In `v1`, the dataflow could be validated for `C` without any inputs. Now, a developer made `B` depend on `X` instead of `A` and removed `A`. This change accidentally impacted `C` which now depends on the external input `A`. Note that both `v1` and `v2` have a valid dataflow definition. To catch breaking changes to the path to `C`, we could use `hamilton validate --context context.json my_module.py` with the context:

```json
// context.json
{ "HAMILTON_FINAL_VARS": ["C"] }
// will call .validate_execution(final_vars["C"])
```

```{note}
pre-commit hooks can prevent commits from breaking a core path, but you should use unit and integration tests for more robust checks.
```

## Add Hamilton pre-commit to your project
We alluded to the relationship between pre-commit hooks and the `hamilton` command line tool. In fact, the basic hook is designed to take a list of `hamilton` commands and will execute them in order when hooks are triggered.

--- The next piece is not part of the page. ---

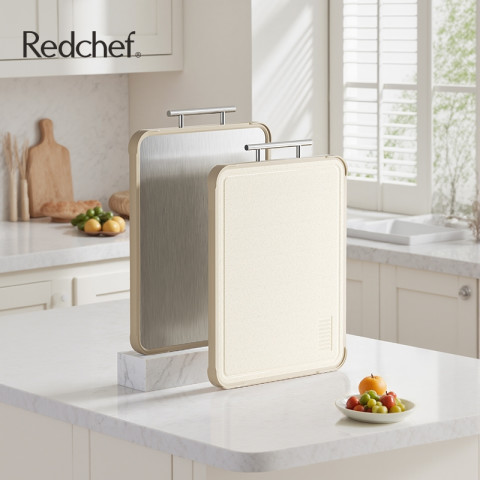 Redchef เขียง 2 ด้าน สแตนเลส 304 ขนาด 41 x 31 x 1.5 ซม. ดีไซน์หนา แข็งแรง ใช้งานได้ทั้ง หั่น / สับ / เตรียมวัตถุดิบ เหมาะสำหรับครัวเรือนและผู้ที่ทำอาหารเป็นประจำ ช่วยลดการสะสมของแบคทีเรียและกลิ่นติดเขียง ทำความสะอาดง่าย ใช้งานคุ้มค่าในทุกมื้ออาหาร

To use them, add this snippet to your `.pre-commit-config.yaml` and adapt it to your project:

```yaml
- repo: https://github.com/dagworks/hamilton-pre-commit
rev: v0.1.2 # use a ref >= 0.1.2
hooks:
- id: cli-command
name: Hamilton CLI command
args: [ # list of CLI commands to execute
hamilton build my_module.py,
hamilton build my_module2.py,
hamilton validate --context context.json my_module.py my_module2.py,
]
```

The above snippet would:
- check the dataflow definition of `my_module.py`
- check the dataflow definition of `my_module2.py`
- validate the execution path specified in `context.json` for dataflow composed of `my_module.py` and `my_module2.py`

You can pass any `hamilton` CLI command to the pre-commit hook, but it will only care about it succeeding or failing.